Speaking of which, my last nitpick is that Amanda Seyfried's character kind of serves almost no purpose in this film? Like, she acts as a source of distrust in Kevin Bacon's character arc but her deception ultimately goes nowhere, and even when he kicks her out of the house it's in a way that feels like their relationship isn't over. It doesn't feel like a real thing someone would do. If he suspects she's being unfaithful, I feel like kicking her out should have held much more finality to it. But she just comes back at the end and practically no words are said. And this lack of depth hinders other parts of the film too- I've never been clear, is Kevin Bacon's daughter also Amanda Seyfried's daughter? Or was she the daughter of the wife that was killed in Bacon's backstory? (It feels strongly like she's meant to be the late wife's daughter but if so, it's very weird that Bacon would just like... give her his daughter at the end.) I appreciate that some lines of dialogue were included to address the fact that Kevin Bacon was like thirty years older than Amanda Seyfried but I feel like their relationship needed SO MUCH more depth than we got. It just feels like another part of this script that was half-baked or was once fully baked, but they cut half of the loaf off and injected the other half with some raw dough and shipped it out.
This movie has a couple interesting sequences but ultimately I feel like the plot just doesn't really work as-is. If it was meant as an homage to House of Leaves they should have leaned into that, and if it wasn't, then just cut that sequence entirely.

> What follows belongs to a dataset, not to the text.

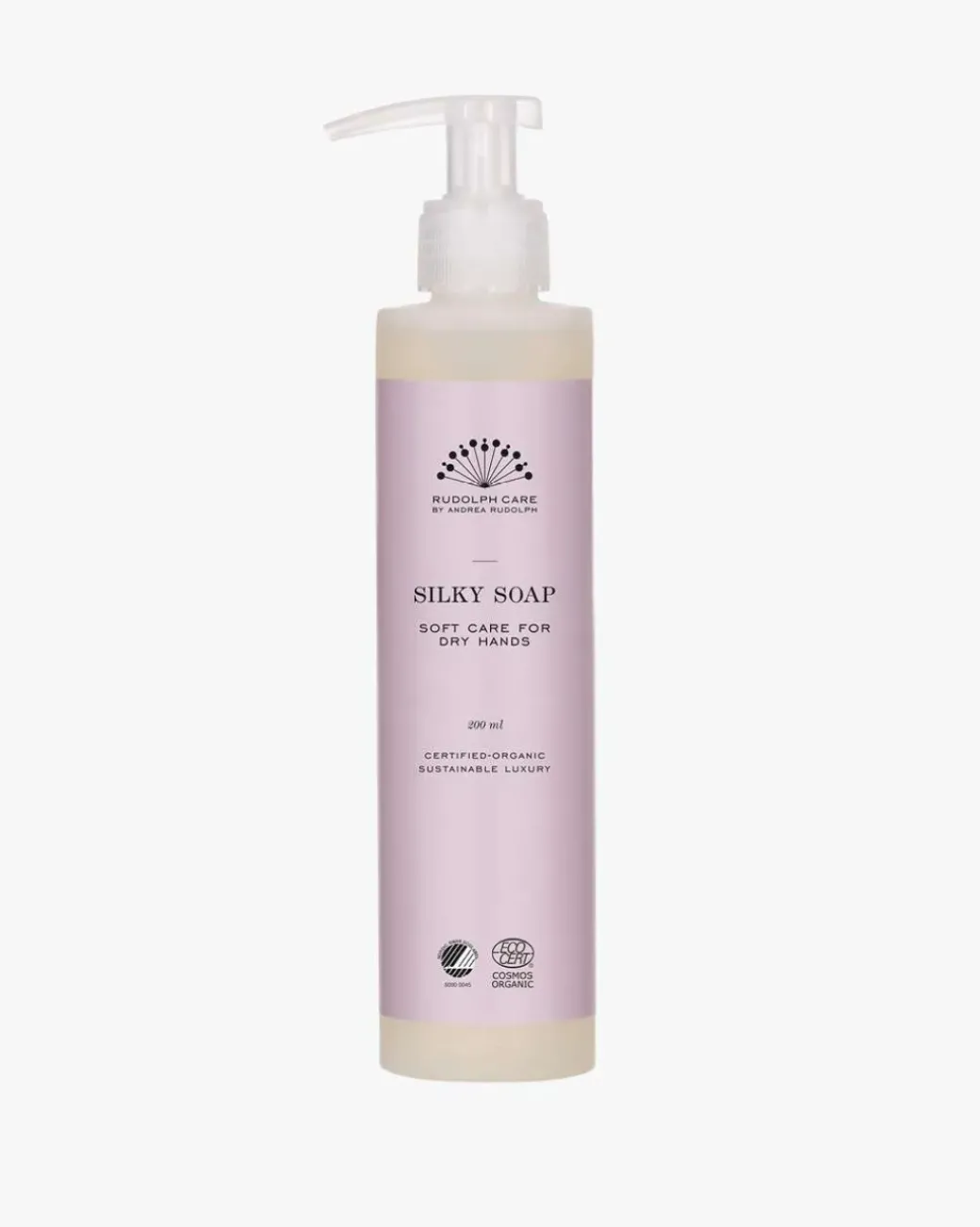 Rudolph Care Silky Soap er en eksklusiv såpe til hender og kropp. Pumpen gjør den praktisk å ha stående ved vasken, og ett pump av såpen er nok til én håndvask. PH-verdien ligger nært hudens egen, slik at såpen rengjør uten å tørke ut. Dessuten har den fuktighetsbevarende ingredienser, slik at huden blir både ren og myk.

Overall Rating: 5/10 Online Rentals from Satan
My Literature Hot Take: I tried reading House of Leaves a few years ago, and hated it. I think I got a third of the way through? Maybe half? I don't remember. I think the story at its core (the Navidson Record) is fascinating and would totally love a book of just that, but all of the story-within-a-story-within-a-story got tiresome, and the accounts of the primary protagonist (if you can call Johnny Truant that) were just constant sex- and drug-filled escapades that I didn't care for one bit. I've heard a billion people tell me how amazing and transcendental that book is, so I think later this year I'm going to give it another try, but I swear I gave it my all and I just couldn't stand the narrative cutting off another chapter of the Navidson Record to give me yet another story about some sex worker the stoner protagonist slept with the night before.